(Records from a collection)
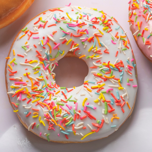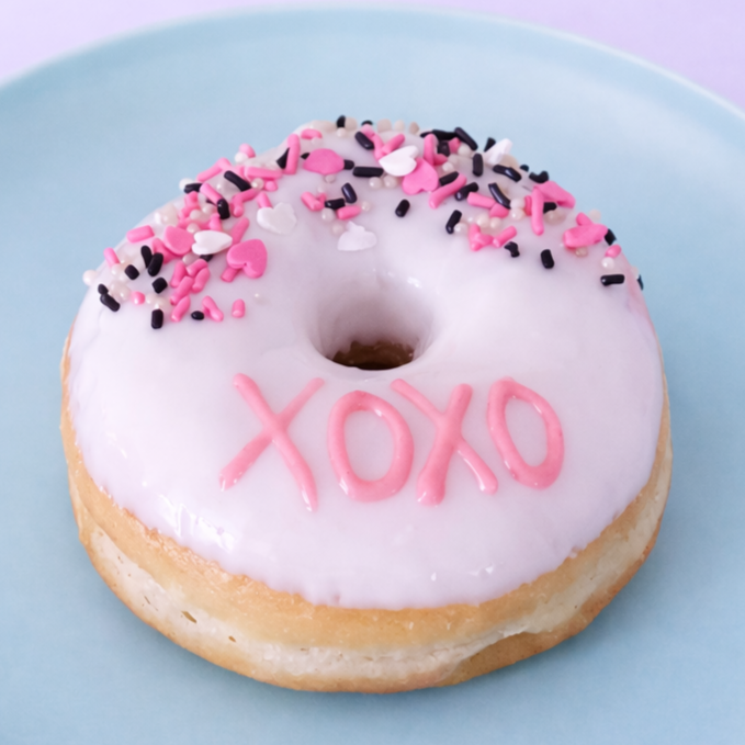 Dona de vainilla con sprinkles y detalle XOXO de fresa. Clásica y ligera.
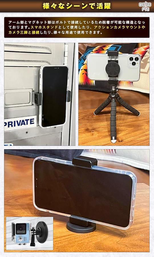 「様々シーンで活躍」スマホホルダーとしてだけではなく、スマホスタンドとして使用したり、アクションカメラやカメラ三脚と接続したり、様々な用途で使用できます!!*本製品はマウント部(スマホマウント)とマグネット部(ネジ付きマグネット)の2つのパーツのセット販売です。
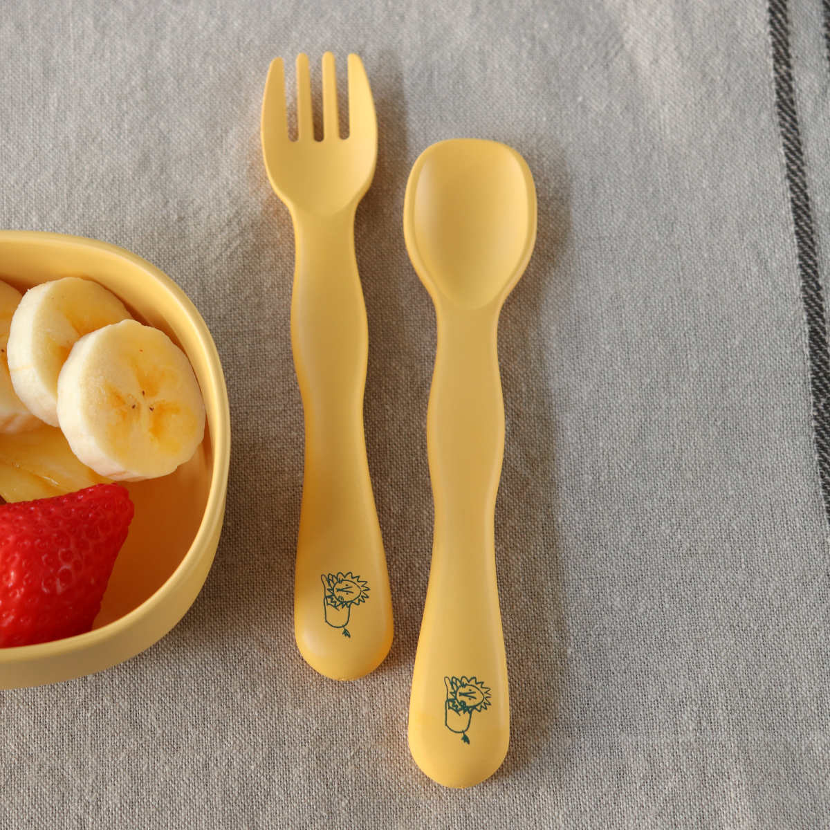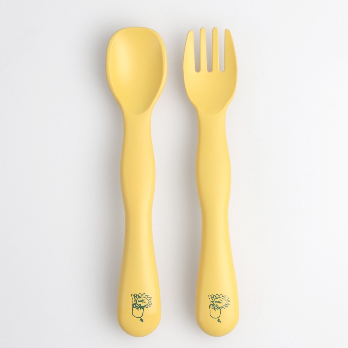 可愛いどーぶつのイラストが描かれたスプーンとフォークのセットです。お子様自身が使いやすい形状で、自分で食べたい意欲を育ててくれます。
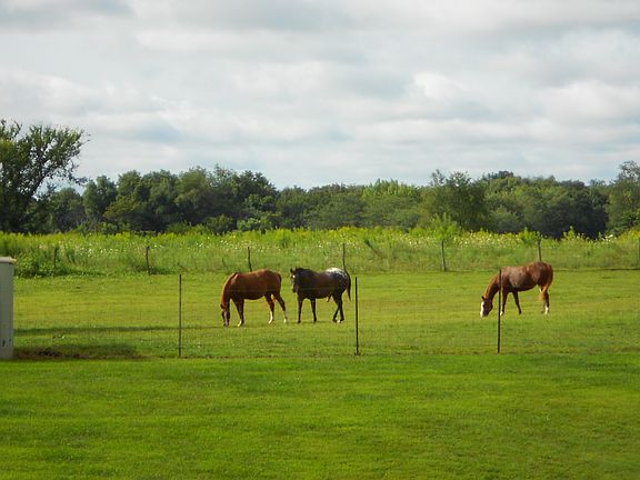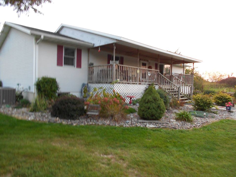 Country living at its finest!!!.. 3200 sq ft Ranch Home on 11 acres with walkout finished basement. Home consists of upstairs..master bedroom 24x12 and his/hers closets,other two bedrooms are 12x12,Full bath with double sinks, Living room 24x16, Kitchen/Dinette 23x12 complete with oak cabinets, French doors going out dinette to upper back deck,Basement consists of: Family room 28x24, Furnace room 12x12, 4 bedrooms, 12x12, Full bath/Laundry room with double sinks . Covered front porch 35x8, Deck, 3 car detached garage with double barrel wood burner and furnace, Horse barn 24x24, large chicken coop 20x8 with electric, single car garage, 24x48 concrete slab with electric and water. There is water and electric through most of the property, fenced and crossed fenced for horses. Small pond
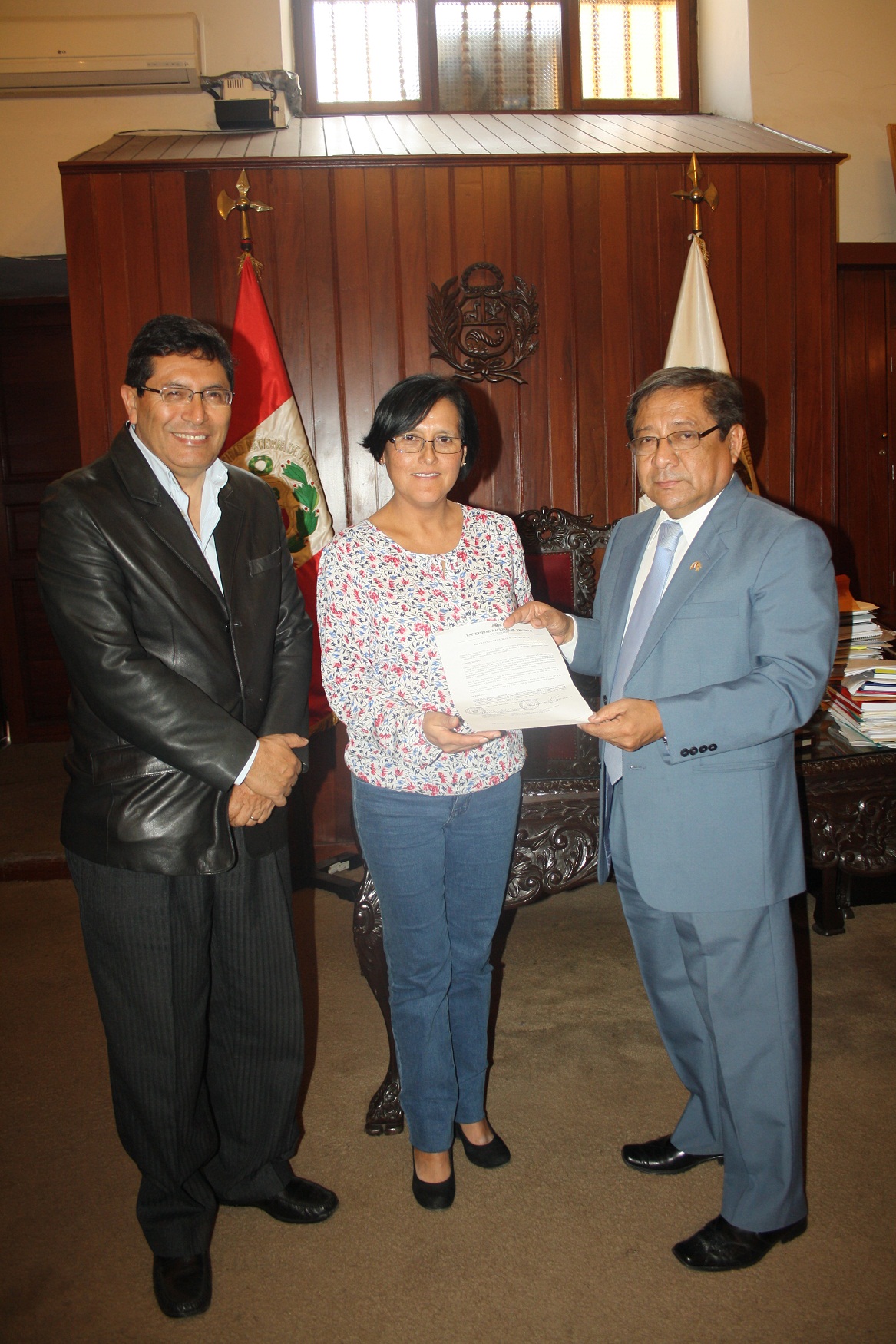 La mañana de ayer el Rector Orlando Velásquez hizo entrega de la Resolución Rectoral 1581-2014/UNT que designa a la nueva representante de la UNT ante el Consorcio Raymondi, integrado por Cedepas Norte, UNT y ONG Asociación de Desarrollo Social Lestonnac.
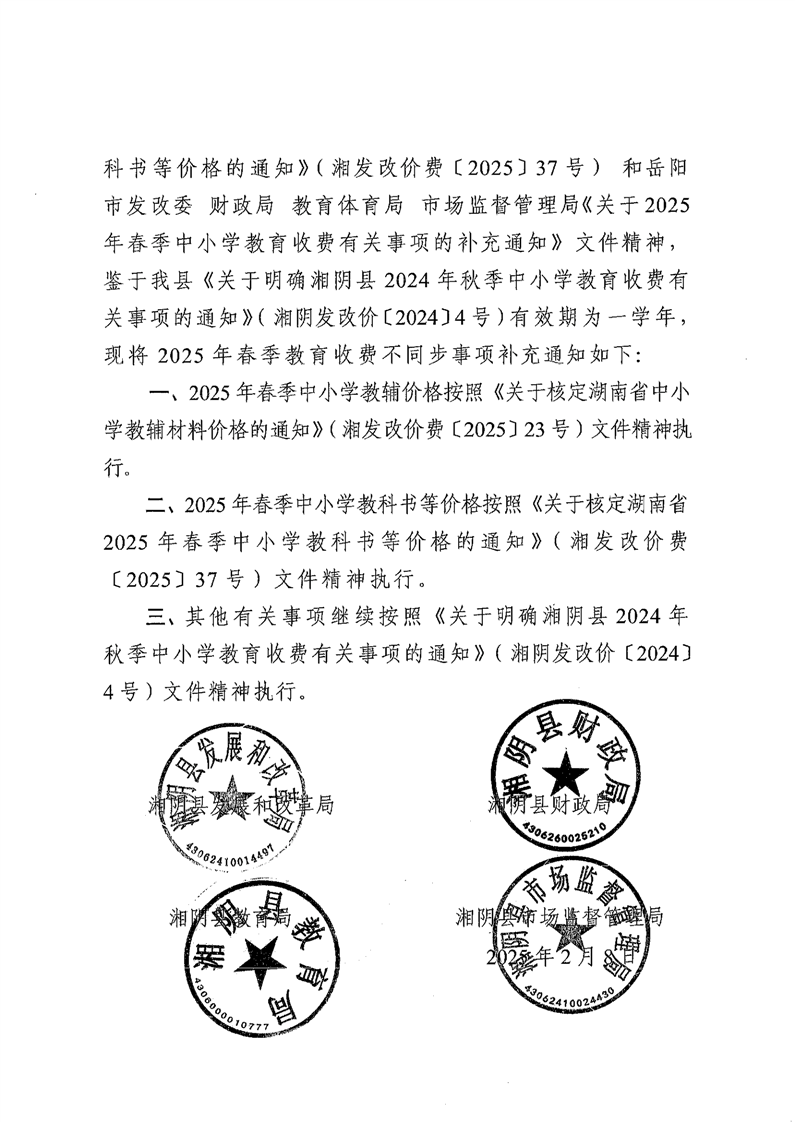 湘阴县发展和改革局 湘阴县财政局 湘阴县教育局 湘阴县市场监督管理局 湘阴发改价〔2025〕3号 关于2025年春季中小学教育收费有关事项的补充通知
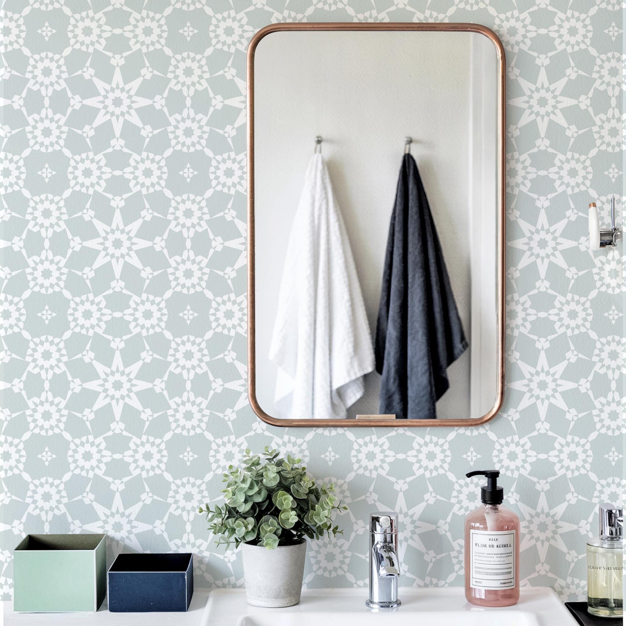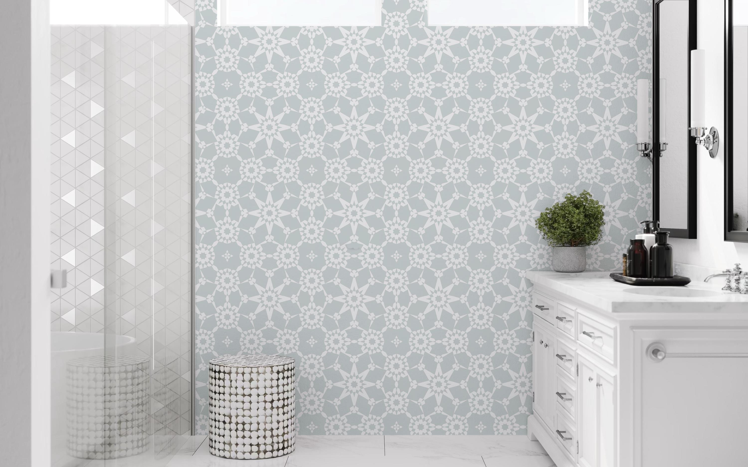 Add sophistication to your bathroom or any room with this peel and stick or traditional wallpaper mural ✨. Featuring a delicate geometric pattern in soft tones, it’s perfect for creating a modern, minimalist, or elegant look. Ideal for bathrooms, bedrooms, living rooms, or office spaces.
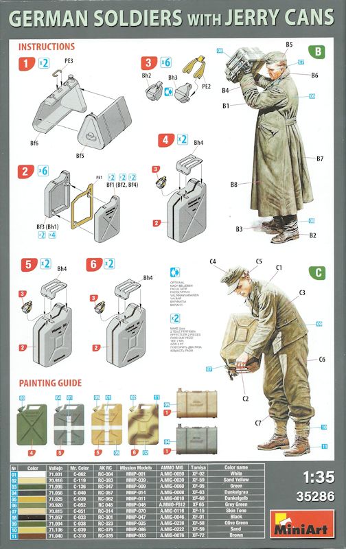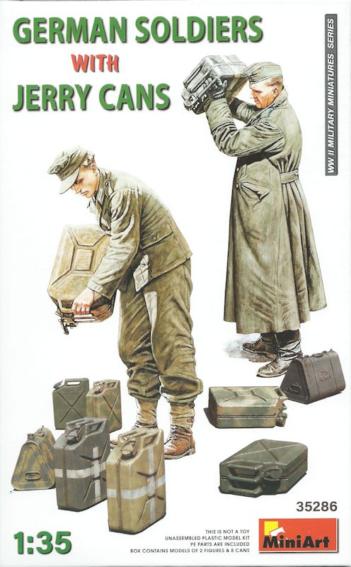 Wieder präsentiert uns der ukrainische Hersteller einen neuen Figurenbausatz. Dieses Mal handelt es sich um zwei deutsche Soldaten, die in natürlichen Posen mit Kraftstoff- oder Wasserkanistern hantieren. Der Karton des Bausatzes ist im üblichen Stil gehalten und zeigt sehr schön den Inhalt des Figurenbausatzes, der neben zwei Wasserkanistern und vier regulären 20 Liter Benzinkanistern auch noch zwei 20 Liter Kraftstoffbehälter in den dreieckigen Kanistern enthält.
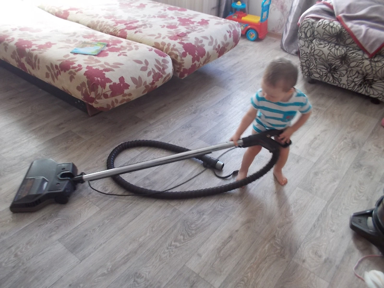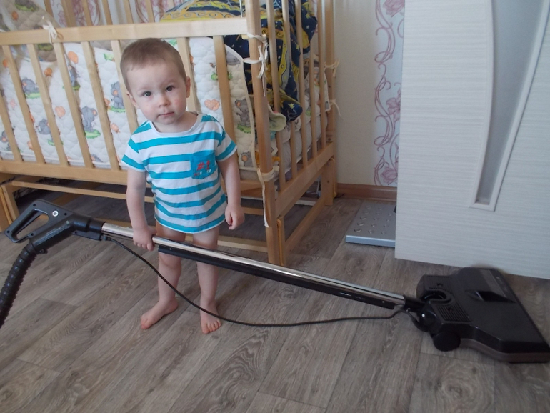 сын сегодня тоже квартиру пылесосил, хотя не любит шум от него, всегда выключал мне пылесос,а тут в азарт вошел, минут 40 трудился-искал соринки, засасывал и заглядывал в шланг. отобрать было не возможно, кричал громче пылесоса)))))
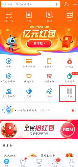 首先我们打开手机里的【支付宝】,并点击首页里的【更多】选项。
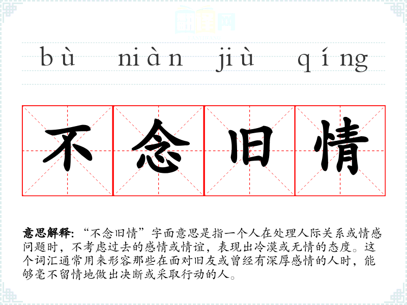 “不念旧情”字面意思是指一个人在处理人际关系或情感问题时,不考虑过去的感情或情谊,表现出冷漠或无情的态度。这个词汇通常用来形容那些在面对旧友或曾经有深厚感情的人时,能够毫不留情地做出决断或采取行动的人。

— What you should do —
Set down exactly the lines from the start of the records through the line containing "可愛いどーぶつのイラストが描", both included, and omit the pictures.

— Reply to the exercise —
 Dona de vainilla con sprinkles y detalle XOXO de fresa. Clásica y ligera.
 「様々シーンで活躍」スマホホルダーとしてだけではなく、スマホスタンドとして使用したり、アクションカメラやカメラ三脚と接続したり、様々な用途で使用できます!!*本製品はマウント部(スマホマウント)とマグネット部(ネジ付きマグネット)の2つのパーツのセット販売です。
 可愛いどーぶつのイラストが描かれたスプーンとフォークのセットです。お子様自身が使いやすい形状で、自分で食べたい意欲を育ててくれます。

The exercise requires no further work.